A deciderlo è stata la giuria del concorso internazionale "Marisa Cerruti" - Marco Brizzi, Luca Gibello, Lucia Krasovec Lucas, Massimo Locci, Maria Luisa Palumbo, Paola Pierotti, Luca Zevi, Alessandra Chiappini e Roberta Melasecca - che ha selezionato MAGNETZEVI tra 10 proposte in gara.

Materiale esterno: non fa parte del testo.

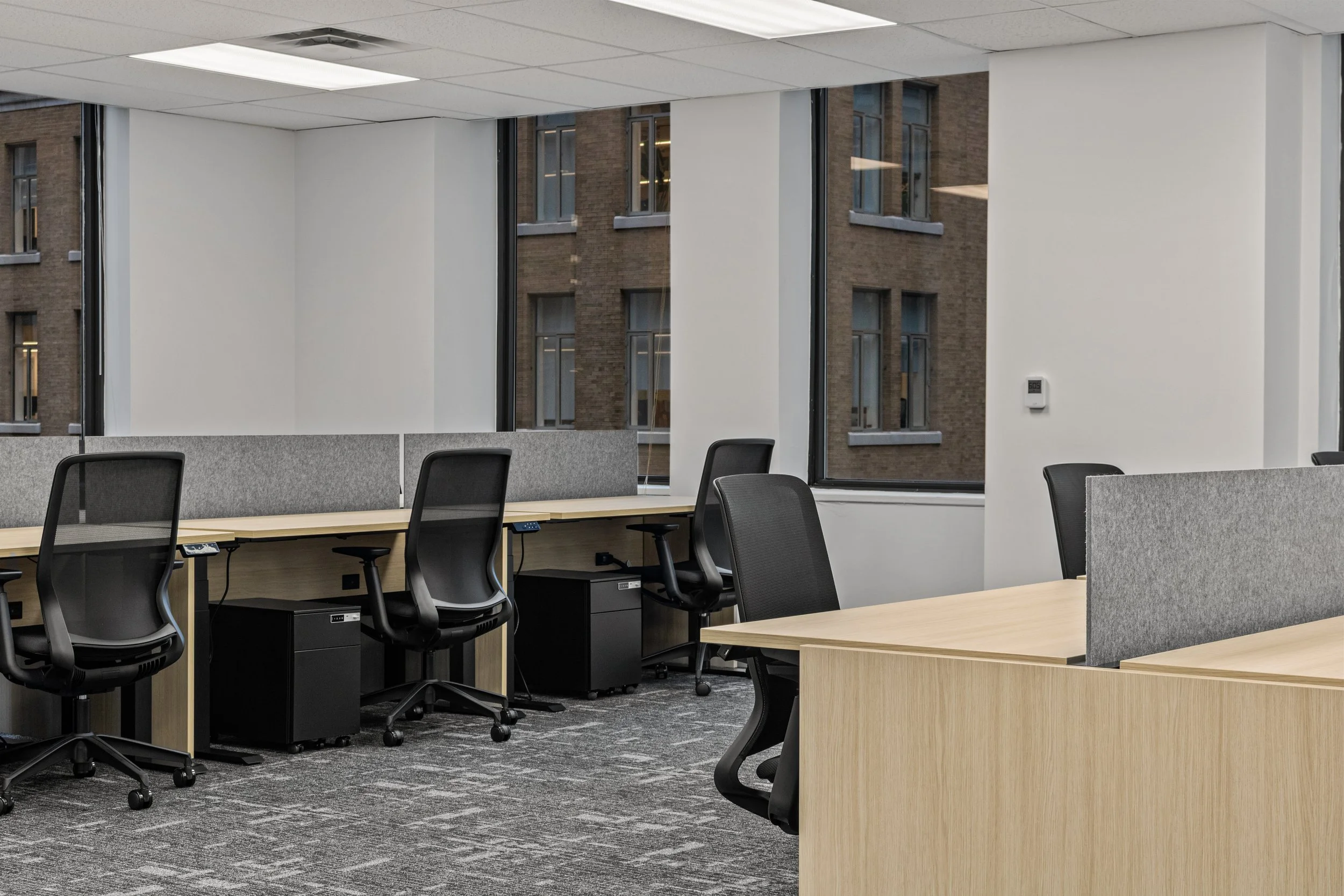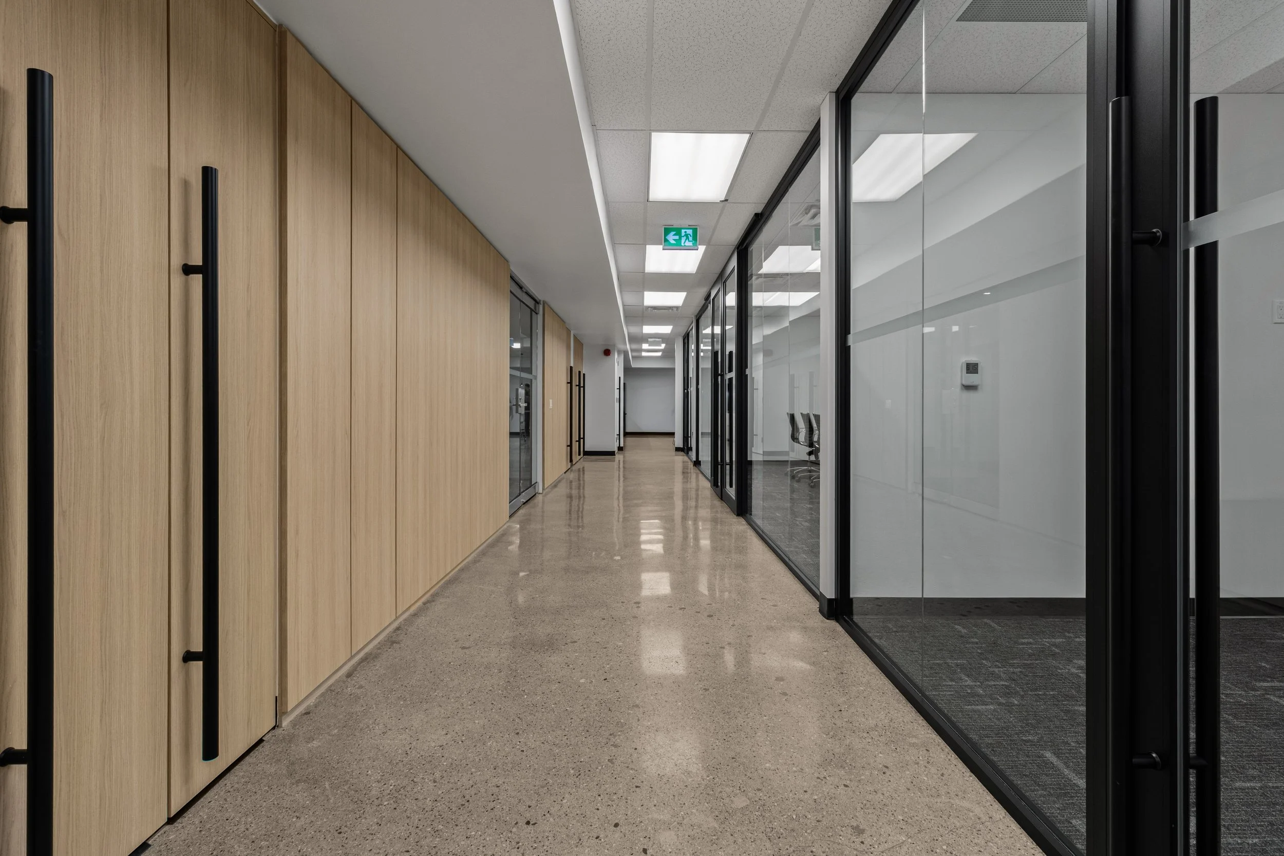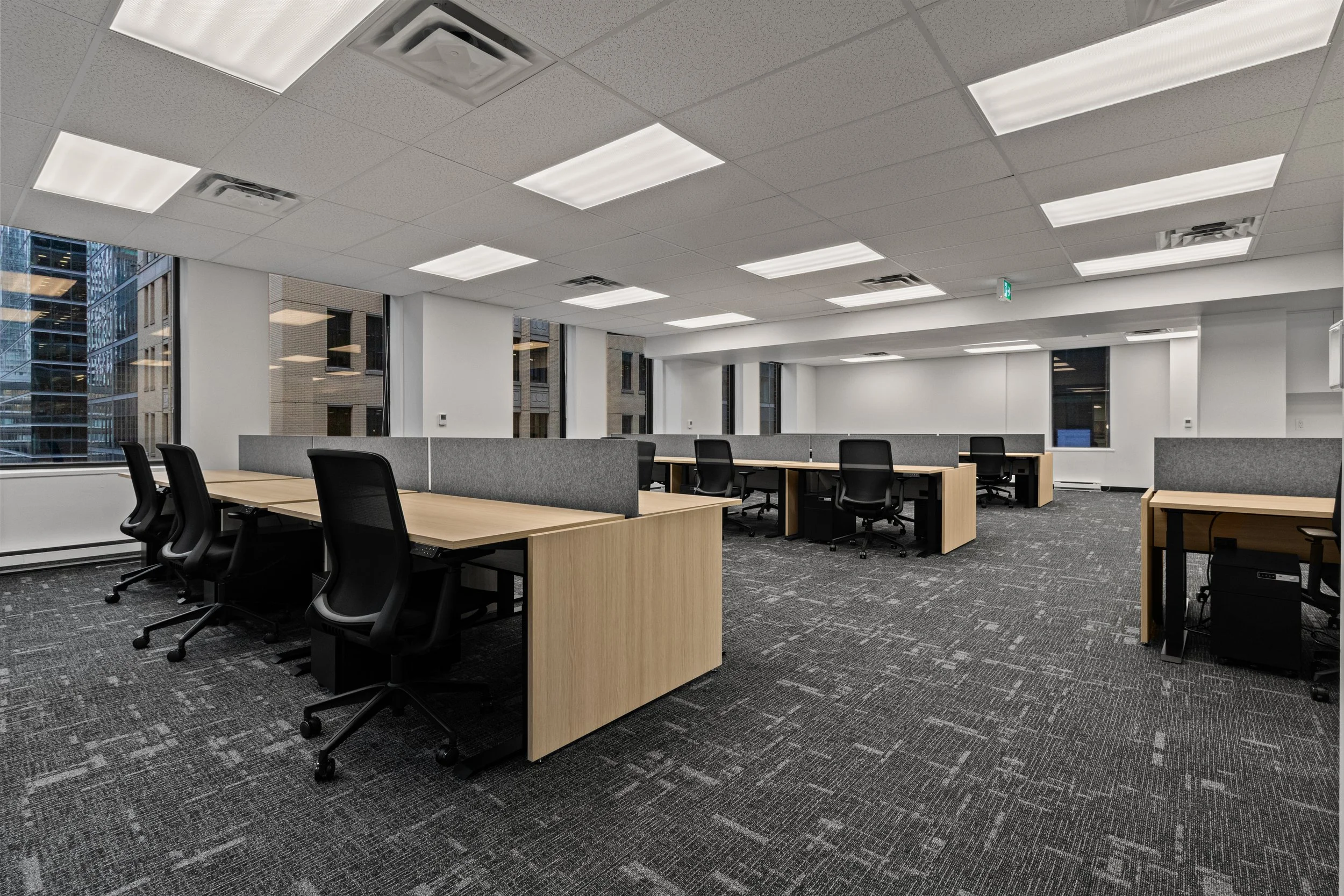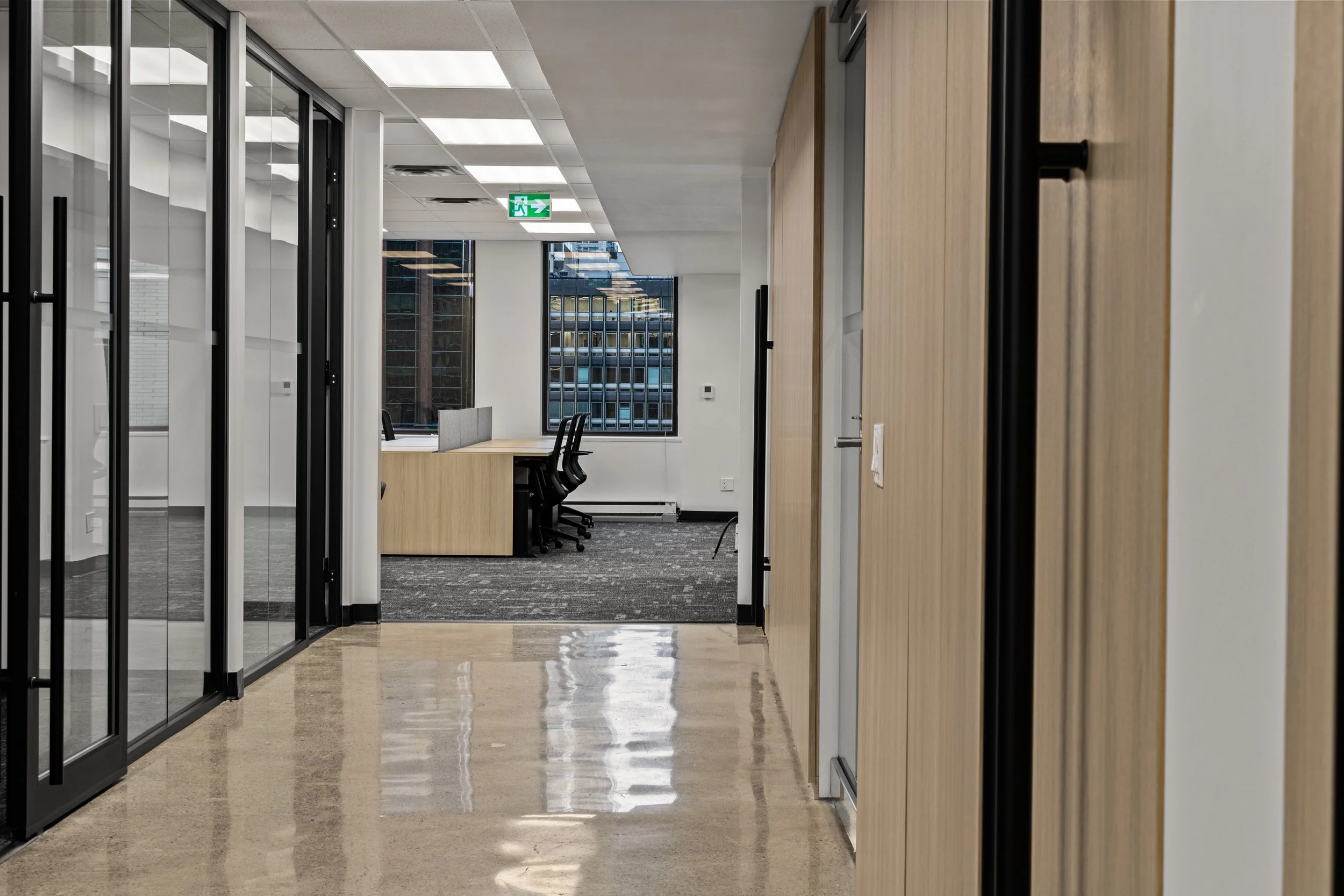 The design blends refined detailing and functionality, featuring glass-enclosed meeting rooms, integrated wall panelling, and high-end finishes that elevate tenant appeal and leasing potential. Despite tight downtown logistics and complex scheduling, Primary Construction delivered the turnkey build in just 10 weeks, coordinating closely with Dream’s team and KGRN Inc. to ensure seamless execution and quality craftsmanship.

La motivazione parla di un progetto capace di «esplorare con sensibilità e creatività la ricerca pluridecennale di Bruno Zevi, attualizzando con soluzioni aperte e in divenire più metodi di analisi dell'architettura contemporanea, tutti integrati in un network interattivo».

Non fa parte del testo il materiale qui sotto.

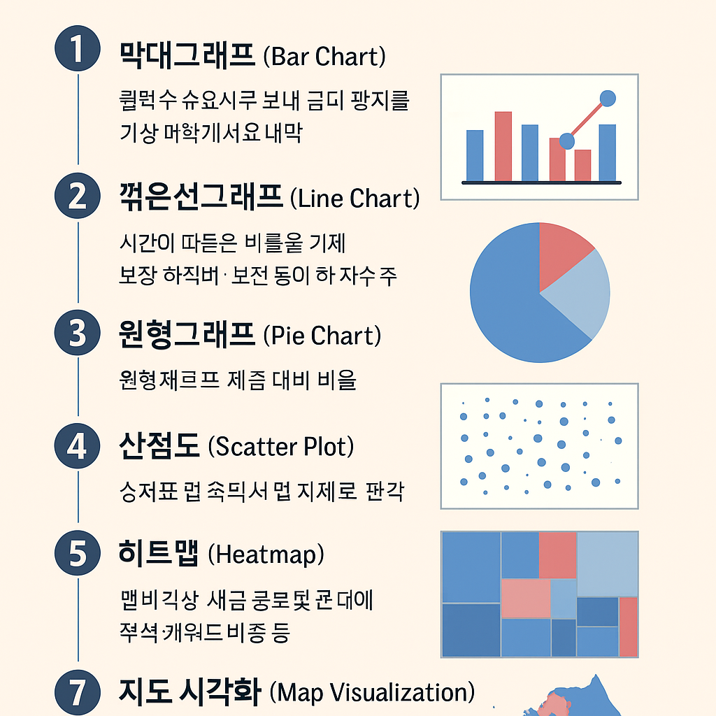 이처럼 각 시각화 방식은 데이터의 성격과 전달 목적에 따라 적절히 선택해야 하며,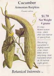 The Cucumber Armenian Burpless, 'Cucumis satiovus', is a slicing cucumber that is slightly sweet, crisp, and never bitter. The Armenian Burpless is very long and is best harvested short at 18 inches. Want to try something new in your garden? This is the variety. It has excellent flavor and absolutely gorgeous light green, thin skin. Cucumbers have a shallow root system and therefore require regular moisture. Do not let cucumbers get too big because the vines stop producing if over mature cucumbers stay on the vine.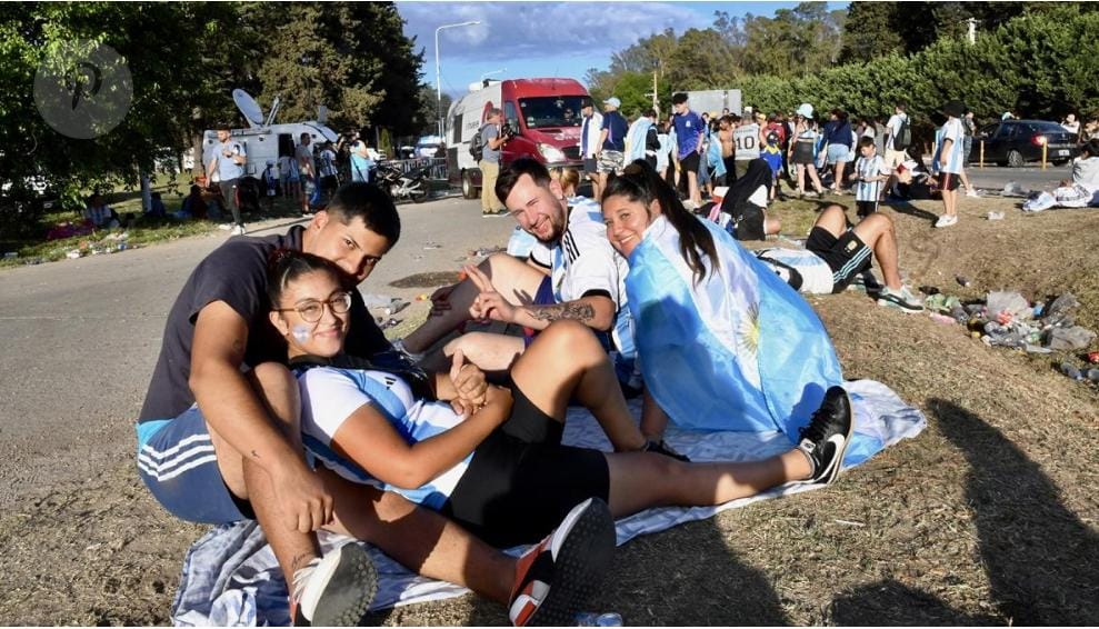 Cientos de hinchas con camisetas de la selección nacional y banderas celestes y blancas se concentraban esta mañana en el Obelisco, en pleno centro porteño, y en las puertas del predio de la AFA, en el partido bonaerense de Ezeiza, para acompañar la caravana de festejos que el equipo Campeón del Mundo realizará por gran parte de la ciudad de Buenos Aires.

Ma cosa sarà concretamente MAGNETZEVI?
Sarà una piattaforma editoriale digitale che trasformerà l'archivio della rivista in un organismo vivo: ogni mese, i numeri storici de L'Architettura verranno interrogati, anche attraverso strumenti di intelligenza artificiale, per ricavare connessioni con il dibattito architettonico attuale.
Un ambiente narrativo aperto, articolato in rubriche, contributi critici, mappe tematiche e spazi di confronto, pensato per far dialogare autori e idee del passato con le questioni del presente. Un doppio registro, storico e analitico, che punterà a intercettare l'evoluzione del discorso sull'architettura e a orientarlo verso nuove prospettive critiche.
Il nome del progetto condensa la loro visione: un magnete che attrae e connette idee, persone e generazioni; un magazine di contenuti critici e divulgativi; una rete che mette in dialogo passato e presente. Un riferimento diretto allo spirito con cui Zevi animò per mezzo secolo la rivista: pensiero libero, capacità di generare dibattito, sguardo sempre proiettato in avanti.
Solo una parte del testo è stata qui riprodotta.